Мы уже со счета сбились, сколько тарантасов, запряженных быстрыми конями, окатив пылью, обогнало нас. Попадаются и встречные подводы. Только из пеших на большой дороге - одни мы.
- Далеко еще до города? - спросил Валетдин у старика, ехавшего верхом на лохматой рыжей лошаденке.
- Меньше пятнадцати, болрше десяти. Шагайте скорее, там уже ждут вас.
Коли ждут, надо торопиться. После этих слов мы даже бегом сколькото пробежали. Бегом-то бегом, да не очень-то резво теперь получается. Ануаровы штаны опять ослабли. Пришлось Насипу заднюю закрутку еще подкрутить. Не знаю, как другие, а в моем животе мечты калашные на убыль пошли. Теперь и черным хлебом доволен был бы. Но не мне же первому об этом заговаривать, и так вожак меня за обузу считает.
Миновав небольшую, в три-четыре избы, русскую деревушку, остановились в редком березнячке посреди поля. В тени немного отдышались.
- Садись, - приказал вожак. Он опустился на колени и положил перед собой красный узелок. - Какие слова Курбан-мулла любил повторять - кто знает?
- Ты знаешь, - быстро сказал Валетдин.

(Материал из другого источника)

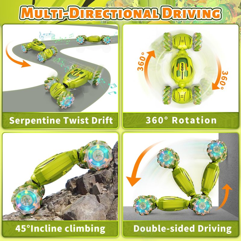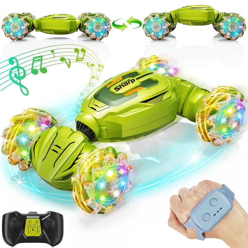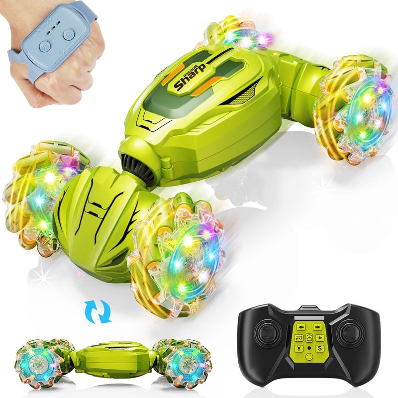 - Magical Gesture Sensing Fun: Our gesture sensing RC stunt car has two control modes: fun gesture sensing and sensitive remote control, both of which need extra self-prepared batteries. Putting on the sensing watch, you can effortlessly master the toy car with impressive moves. It’s a cool remote control car for boys 8-12, which adopt 2.4GHz transmission technology, support quick response to gesture control

Видно, почуял что-то гнусавый.
- Курбан-мулла говорит: "На каждый кусок - свой закуток".
- Да, знает мулла, как сказать, - отдал Асхат должное мудрости муллы.
- Если мы этот хлеб съедим, калачу закуток останется?
- Останется, останется! - ответили мы.
- На, Валетдин, - вожак достал из кармана ножик и протянул ему. Раздели сей хлеб на семь частей по справедливости.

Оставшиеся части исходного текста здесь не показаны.